Il processo di Verona - 1962 - di Carlo Lizzani
Dialoghi realistici, scene come in un documentario, attori ugualmente identificabili con quelli del periodo storico. Atmosfera cupa e fosca, facce glabre e feroci. Il castello di Verona appare in tutta la sua tetra inquietudine. Questa non è una "storia", è pura Storia che tutti noi dovremmo ricordare o sapere. Nella pseudo tragedia generale del Fascismo quell'episodio finale del processo fu senz'altro tragedia vera; famigliari che si sbranano, cortigiani bramosi di vendetta, dimentichi dei trascorsi poco "storici". Boria, megalomania, superficialità. Le donne, solo loro, hanno una credibilità quasi scespiriana. Edda e Rachele, figlia e madre, sono consapevoli dell'atrocità a cui partecipano, sanno almeno distinguere la farsa e l'intrigo dalla realtà. E l'inviata della Gestapo è una Jago o una innamorata tentata di salvare Ciano? Chi ha vivo il ricordo di quelle persone ne riconosce la vicinanza al vero.

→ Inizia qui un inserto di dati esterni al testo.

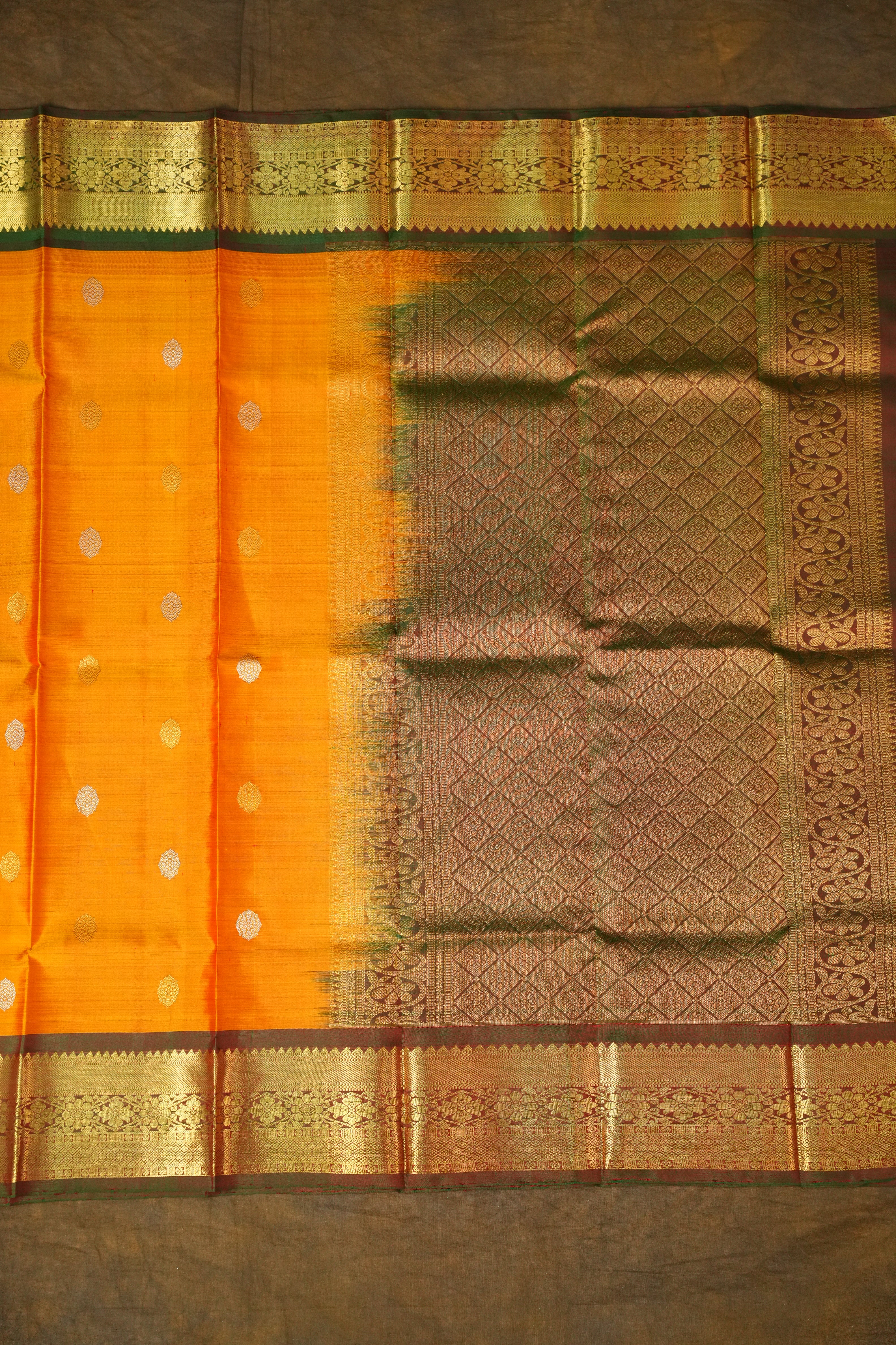 This beautiful Gadwal dupatta features a vibrant Mustard Yellow body adorned with subtle gold & Silver zari buttas, offering a refined and elegant look. The contrast mehendi green border and pallu, woven with intricate gold zari floral and traditional motifs, add a rich and regal finish. Perfect for festive and traditional occasions, this dupatta showcases the timeless charm of Gadwal craftsmanship.

Il generale Del Bono, più di tutti, comprende che il destino per loro è segnato. Scene brevi, dialoghi stringati, nebbia morale ovunque. Si è detto di Shakespeare; ci pare l'unico film che rappresenta "dal vero" l'atto finale. Mussolini fatiscente, sono i crudeli sicofanti e sgherri a dominare la lugubre regia. I dialoghi quasi sempre si svolgono fra due persone in stanze grigie e semibuie o all'aperto lungo viali alberati e spettrali.
Lizzani si è attenuto alla documentazione del momento: affinità dei personaggi, teatralità del processo e per la scena finale della fucilazione, il solo brusio della pellicola che scorre sui corpi crivellati di colpi. In realtà il film svela una tragedia famigliare, più che nazionale. Edda non sopporta che si parli di Storia mentre la sua famiglia viene distrutta. Nel film Ciano parla anche tanto dei suoi diari. A guerra finita si è saputo che essi contenevano ben poco di allarmante per i tedeschi. Una ulteriore prova di enfatica supponenza da parte sua. (Paolo D.)